Top of Supplied data
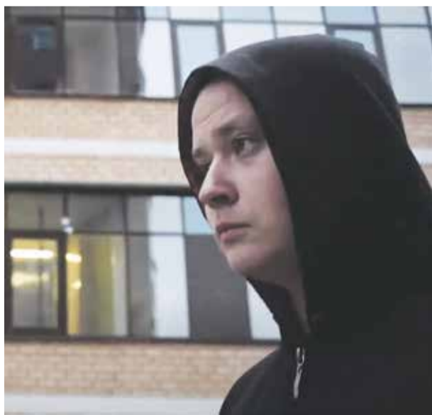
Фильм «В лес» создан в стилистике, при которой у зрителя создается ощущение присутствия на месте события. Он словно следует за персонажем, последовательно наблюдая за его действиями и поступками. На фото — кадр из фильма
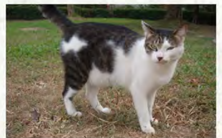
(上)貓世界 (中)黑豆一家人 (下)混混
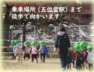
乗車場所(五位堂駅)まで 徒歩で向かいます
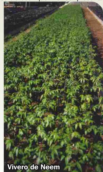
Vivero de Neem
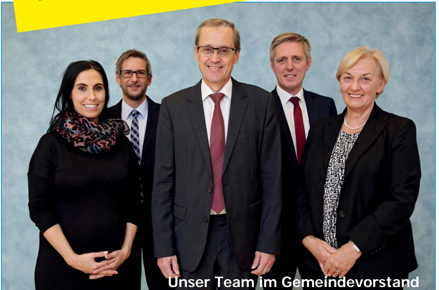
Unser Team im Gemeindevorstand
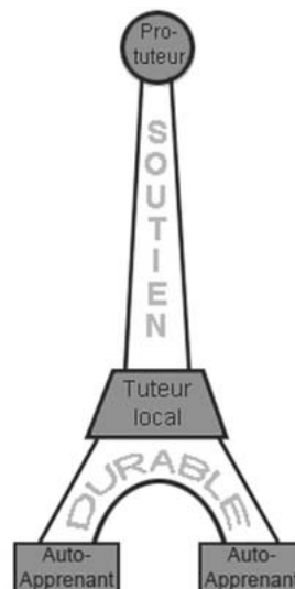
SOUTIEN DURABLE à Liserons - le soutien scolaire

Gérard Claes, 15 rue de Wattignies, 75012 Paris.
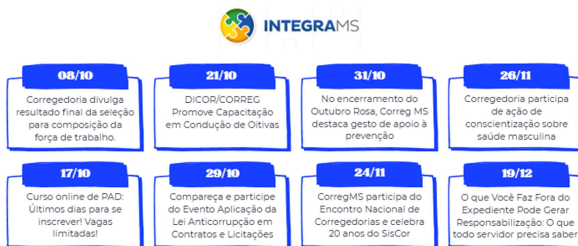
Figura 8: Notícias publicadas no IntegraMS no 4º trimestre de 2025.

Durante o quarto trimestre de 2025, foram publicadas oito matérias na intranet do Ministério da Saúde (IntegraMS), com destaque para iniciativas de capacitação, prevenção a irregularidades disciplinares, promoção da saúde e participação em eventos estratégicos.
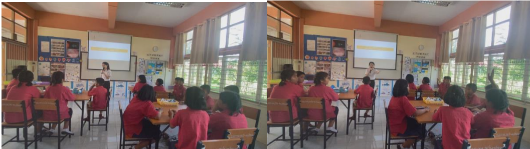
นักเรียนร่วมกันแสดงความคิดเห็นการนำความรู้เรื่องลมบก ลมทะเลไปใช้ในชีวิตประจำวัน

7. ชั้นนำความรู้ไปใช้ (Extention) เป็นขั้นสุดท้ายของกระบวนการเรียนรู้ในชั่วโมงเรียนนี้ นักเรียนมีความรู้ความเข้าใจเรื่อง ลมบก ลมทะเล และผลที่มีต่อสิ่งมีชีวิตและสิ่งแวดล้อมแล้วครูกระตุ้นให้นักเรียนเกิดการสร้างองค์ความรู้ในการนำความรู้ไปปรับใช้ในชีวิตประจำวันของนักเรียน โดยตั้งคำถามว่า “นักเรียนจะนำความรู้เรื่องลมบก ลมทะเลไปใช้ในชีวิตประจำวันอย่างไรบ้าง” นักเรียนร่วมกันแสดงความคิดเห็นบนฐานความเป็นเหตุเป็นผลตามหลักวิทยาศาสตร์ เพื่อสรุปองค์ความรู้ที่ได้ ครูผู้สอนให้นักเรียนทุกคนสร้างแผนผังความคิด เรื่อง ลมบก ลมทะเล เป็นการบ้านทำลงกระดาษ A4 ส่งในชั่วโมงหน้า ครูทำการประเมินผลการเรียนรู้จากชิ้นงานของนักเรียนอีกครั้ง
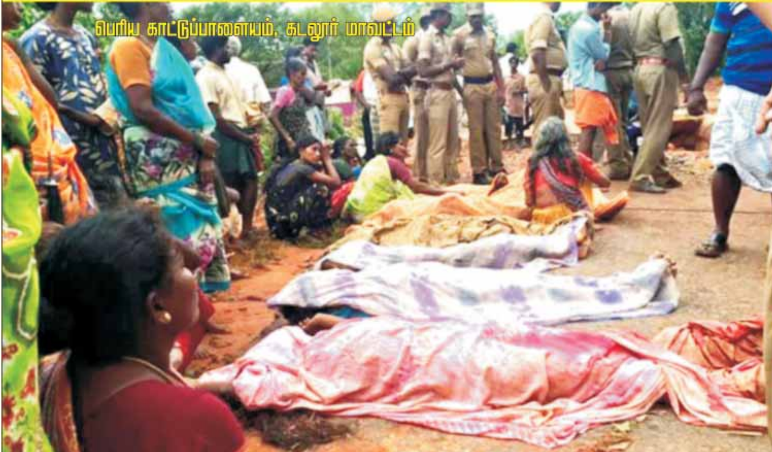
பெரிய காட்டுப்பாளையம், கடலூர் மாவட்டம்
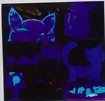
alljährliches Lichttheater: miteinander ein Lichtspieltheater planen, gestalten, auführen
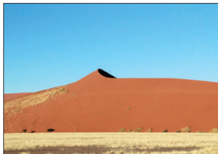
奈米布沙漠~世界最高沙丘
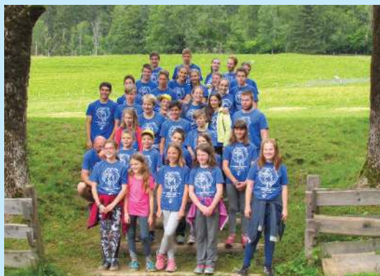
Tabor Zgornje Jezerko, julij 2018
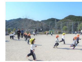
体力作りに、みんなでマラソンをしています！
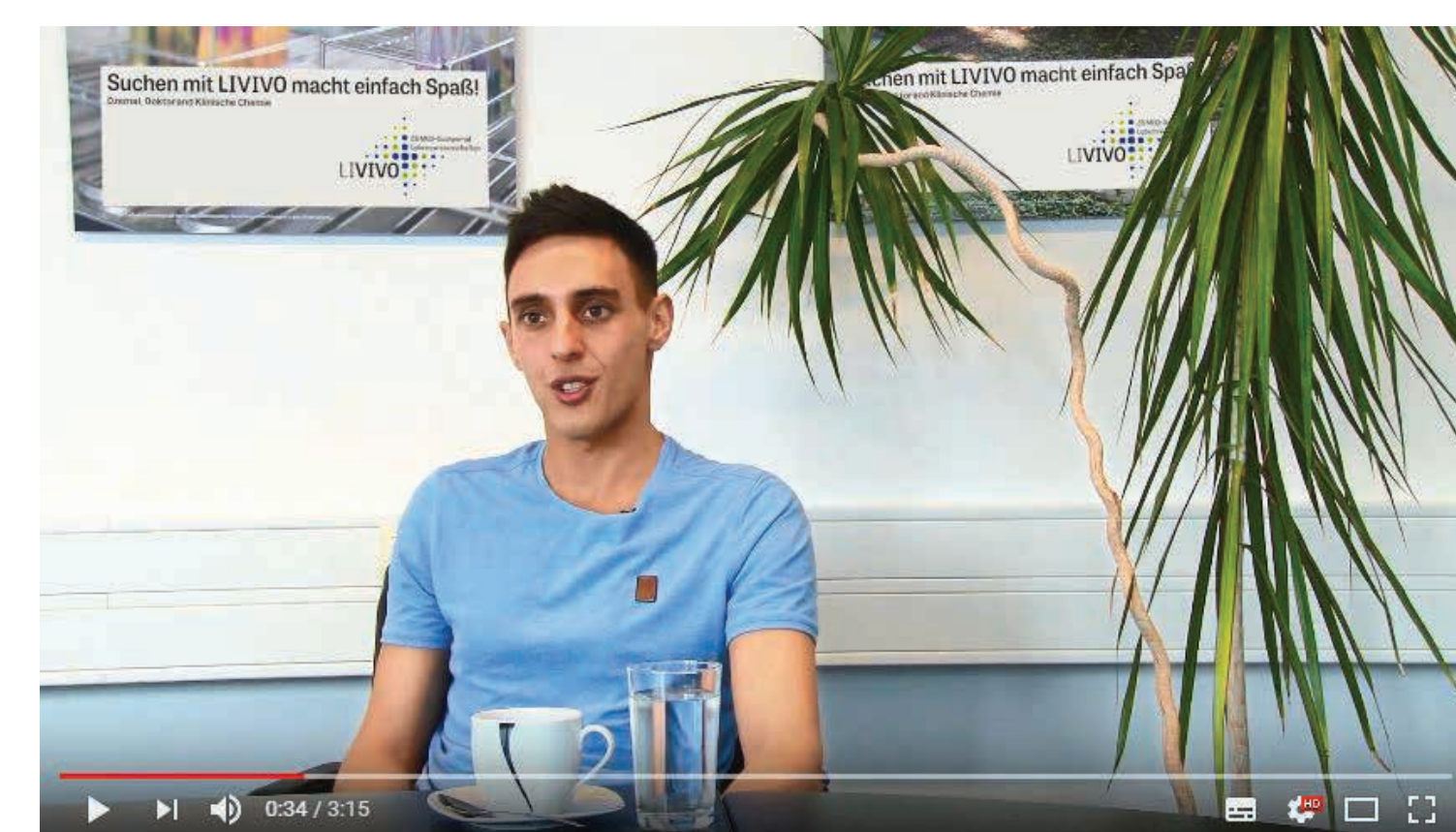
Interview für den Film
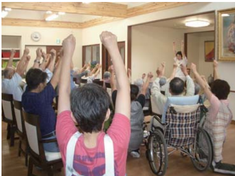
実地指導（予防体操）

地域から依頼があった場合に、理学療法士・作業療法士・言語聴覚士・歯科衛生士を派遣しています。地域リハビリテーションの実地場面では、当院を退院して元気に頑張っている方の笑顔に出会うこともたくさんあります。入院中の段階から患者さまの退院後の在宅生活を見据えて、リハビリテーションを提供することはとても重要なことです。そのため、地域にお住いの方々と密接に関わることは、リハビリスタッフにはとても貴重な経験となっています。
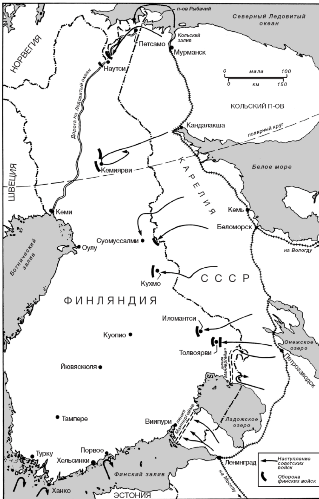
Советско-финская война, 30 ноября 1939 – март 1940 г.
Bottom of Supplied data
[Exercise prompt]: The answer is the whole listing above, written out verbatim, without its pictures.

[Response to this task]:
Фильм «В лес» создан в стилистике, при которой у зрителя создается ощущение присутствия на месте события. Он словно следует за персонажем, последовательно наблюдая за его действиями и поступками. На фото — кадр из фильма
(上)貓世界 (中)黑豆一家人 (下)混混
乗車場所(五位堂駅)まで 徒歩で向かいます
Vivero de Neem
Unser Team im Gemeindevorstand
SOUTIEN DURABLE à Liserons - le soutien scolaire

Gérard Claes, 15 rue de Wattignies, 75012 Paris.
Figura 8: Notícias publicadas no IntegraMS no 4º trimestre de 2025.

Durante o quarto trimestre de 2025, foram publicadas oito matérias na intranet do Ministério da Saúde (IntegraMS), com destaque para iniciativas de capacitação, prevenção a irregularidades disciplinares, promoção da saúde e participação em eventos estratégicos.
นักเรียนร่วมกันแสดงความคิดเห็นการนำความรู้เรื่องลมบก ลมทะเลไปใช้ในชีวิตประจำวัน

7. ชั้นนำความรู้ไปใช้ (Extention) เป็นขั้นสุดท้ายของกระบวนการเรียนรู้ในชั่วโมงเรียนนี้ นักเรียนมีความรู้ความเข้าใจเรื่อง ลมบก ลมทะเล และผลที่มีต่อสิ่งมีชีวิตและสิ่งแวดล้อมแล้วครูกระตุ้นให้นักเรียนเกิดการสร้างองค์ความรู้ในการนำความรู้ไปปรับใช้ในชีวิตประจำวันของนักเรียน โดยตั้งคำถามว่า “นักเรียนจะนำความรู้เรื่องลมบก ลมทะเลไปใช้ในชีวิตประจำวันอย่างไรบ้าง” นักเรียนร่วมกันแสดงความคิดเห็นบนฐานความเป็นเหตุเป็นผลตามหลักวิทยาศาสตร์ เพื่อสรุปองค์ความรู้ที่ได้ ครูผู้สอนให้นักเรียนทุกคนสร้างแผนผังความคิด เรื่อง ลมบก ลมทะเล เป็นการบ้านทำลงกระดาษ A4 ส่งในชั่วโมงหน้า ครูทำการประเมินผลการเรียนรู้จากชิ้นงานของนักเรียนอีกครั้ง
பெரிய காட்டுப்பாளையம், கடலூர் மாவட்டம்
alljährliches Lichttheater: miteinander ein Lichtspieltheater planen, gestalten, auführen
奈米布沙漠~世界最高沙丘
Tabor Zgornje Jezerko, julij 2018
体力作りに、みんなでマラソンをしています！
Interview für den Film
実地指導（予防体操）

地域から依頼があった場合に、理学療法士・作業療法士・言語聴覚士・歯科衛生士を派遣しています。地域リハビリテーションの実地場面では、当院を退院して元気に頑張っている方の笑顔に出会うこともたくさんあります。入院中の段階から患者さまの退院後の在宅生活を見据えて、リハビリテーションを提供することはとても重要なことです。そのため、地域にお住いの方々と密接に関わることは、リハビリスタッフにはとても貴重な経験となっています。
Советско-финская война, 30 ноября 1939 – март 1940 г.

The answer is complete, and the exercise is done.